You run M1 for 5k miles; I presume you have no issues to date so far. But that's just correlation and nothing more. You have not convinced me that your plan is attributable to safe operation. Let's expound on your logic here:
1) you use syn for 5k miles
2) you have no issues so far
3) you presume your engine is safe because of your actions

I can do that too ...
1) we have three outdoor cats at home
2) we have no wild bears roaming in central Indiana
3) I presume the cats are keeping the bears away

Maybe I should get a few more cats, just for cheap insurance ...

Don't confuse correlation with causation, sir. You have not shown me any proof that you have any data to use for rational decisions about your OCI or lube selection.

Whether you like it or not, you're not only wasting money on the lube, but also on the information you paid to ignore. Maybe that is your idea of "cheap insurance", but where I come from, it's called massive waste.

It's clear to me you have no interest in using the products you purchase as anything other than toys. Fine by me. I wish you the best.

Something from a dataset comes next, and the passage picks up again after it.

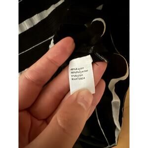 The MISOOK Black White Textured Print Acrylic Knit Shift Sweater Short Sheeve Dress is a stylish and versatile piece for women. With a V-neckline and short sleeves, this dress features a flattering shift silhouette and a textured print design. Made from a blend of polyester and rayon, the knit fabric ensures comfort and flexibility. The dress is lined for added quality and comes in a size L, making it suitable for regular sizing. The black color and modern shift style make it a perfect choice for both casual and formal occasions.

5,000 miles on conventional has proven to be a bad match for this engine. As I have said before and have posted, this engine sludges and had early failures using the MM on dino oil. In many cases at 7,500 miles on syn, this engine has problems. At 5,000 miles on syn there has been no reports of problems.
Now none of this was done in a "lab setting" backed by controlled tests that take years and costs millions of dollars to conduct. It was determined by people like me and other forum members real world findings on what is really working in these engines better then what the factory MM recommends.

Tracking wear trends with UOA's can help when you do end up with a problem. I have on a couple different accounts, identified engine problems and fixed them before they became a bigger problem. The UOA's more then paid for themselves in these cases so not really wasting money here. Not many on here are scientists or tribologists and this is just a hobby for most on here so are we all wasting money? There is a lot to be learned from everyone posting their findings and the VCM engines needing short Syn OCI's is one of them. Why don't you PROOVE I'm wrong??? You can't just as I can't answer all you questions so don't even try.

Your cat scenario is your logic not mine and it quite silly. I know for a fact my engine is well protected because the UOA shows low wear and a clean report based on all reports on this engine. All the "proof and data" you want and keep asking for is spread out on the internet. It is not in the form you want. It is in the real world findings of people like Trav and the countless Honda V6 owners who talk and share "data" about what they are finding in every day use.
You are the one who is getting "emotional" Sir. Worrying about "massive waste" and getting all bent out of shape over changing M1 early LOL! I just posted a UOA to share with the forum, I'm done talking to you. You remind me of the type of person who is super book smart but doesn't have enough common sense to figure out how to hold the door open for a pretty girl or how to properly tie their shoes. The rest of us can keep swapping UOA's and figuring out how to keep our engines protected and running better.....

I just got done working a 16 hour day to help pay for all the free loaders in this country so forgive my grammar and punctuation. LOL! Good nite all.


You're wasting your time Chris. I am new here, and have VERY quickly learned that this entire site is a clique full of bullies, like dnewton and a host of others. I think they just like picking on people for the fun of it. I have asked my account to be deleted, and am waiting for confirmation. I really hate people that go to the extreme at finding something to bash others over the head with. ZERO professionalism. It's completely up to the owner to decide how long they leave their oil in, change their wiper blades, buy new tires, etc., etc. You were not in ANY way advocating in your OP when other people should do this. Why others would beat you up over it is nothing short of someone looking for an excuse to bully you around. Good job defending yourself though!